Open MPI logo

Open MPI User's Mailing List Archives

  |   Home   |   Support   |   FAQ   |   all Open MPI User's mailing list

Subject: Re: [OMPI users] Test Program works on 1, 2 or 3 nodes. Hangs on 4 or more nodes.
From: Gus Correa (gus_at_[hidden])
Date: 2010-09-21 10:18:30


Prentice Bisbal wrote:
> Ethan Deneault wrote:
>> All,
>>
>> I am running Scientific Linux 5.5, with OpenMPI 1.4 installed into the
>> /usr/lib/openmpi/1.4-gcc/ directory. I know this is typically
>> /opt/openmpi, but Red Hat does things differently. I have my PATH and
>> LD_LIBRARY_PATH set correctly; because the test program does compile and
>> run.
>>
>> The cluster consists of 10 Intel Pentium 4 diskless nodes. The master is
>> a AMD x86_64 machine which serves the diskless node images and /home as
>> an NFS mount. I compile all of my programs as 32-bit.
>>
>> My code is a simple hello world:
>> $ more test.f
>> program test
>>
>> include 'mpif.h'
>> integer rank, size, ierror, tag, status(MPI_STATUS_SIZE)
>>
>> call MPI_INIT(ierror)
>> call MPI_COMM_SIZE(MPI_COMM_WORLD, size, ierror)
>> call MPI_COMM_RANK(MPI_COMM_WORLD, rank, ierror)
>> print*, 'node', rank, ': Hello world'
>> call MPI_FINALIZE(ierror)
>> end
>>
>> If I run this program with:
>>
>> $ mpirun --machinefile testfile ./test.out
>> node 0 : Hello world
>> node 2 : Hello world
>> node 1 : Hello world
>>
>> This is the expected output. Here, testfile contains the master node:
>> 'pleiades', and two slave nodes: 'taygeta' and 'm43'
>>
>> If I add another machine to testfile, say 'asterope', it hangs until I
>> ctrl-c it.
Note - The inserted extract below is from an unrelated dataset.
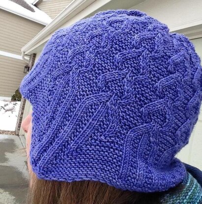A warm, squishy aviator-style hat with knit-as-you-go earflaps formed by short-rows. This is the "At Rest" version with garter ribbed brim and wings curled as if at rest. The stitch pattern is written and charted.

I have tried every machine, and as long as I do not include
>> more than 3 hosts, the program will not hang.
>>
>> I have run the debug-daemons flag with it as well, and I don't see what
>> is wrong specifically.
>>
>
> I'm assuming you already tested ssh connectivity and verified everything
> is working as it should. (You did test all that, right?)
>
> This sounds like configuration problem on one of the nodes, or a problem
> with ssh. I suspect it's not a problem with the number of processes, but
> whichever node is the 4th in your machinefile has a connectivity or
> configuration issue:
>
> I would try the following:
>
> 1. reorder the list of hosts in your machine file.
>
> 2. Run the mpirun command from a different host. I'd try running it from
> several different hosts.
>
> 3. Change your machinefile to include 4 completely different hosts.
>
> I think someone else recommended that you should be specifying the
> number of process with -np. I second that.
>
> If the above fails, you might want to post your machine file your using.
>

Hi Ethan

What your program prints is process number, not the host name.
To make sure all nodes are responding, you can try this:

http://www.open-mpi.org/faq/?category=running#mpirun-host

For the hostfile/machinefile structure,
including the number of slots/cores/processors, see "man mpiexec".

The OpenMPI FAQ have answers for many of these initial setup questions.
Worth taking a look.

I hope it helps,
Gus Correa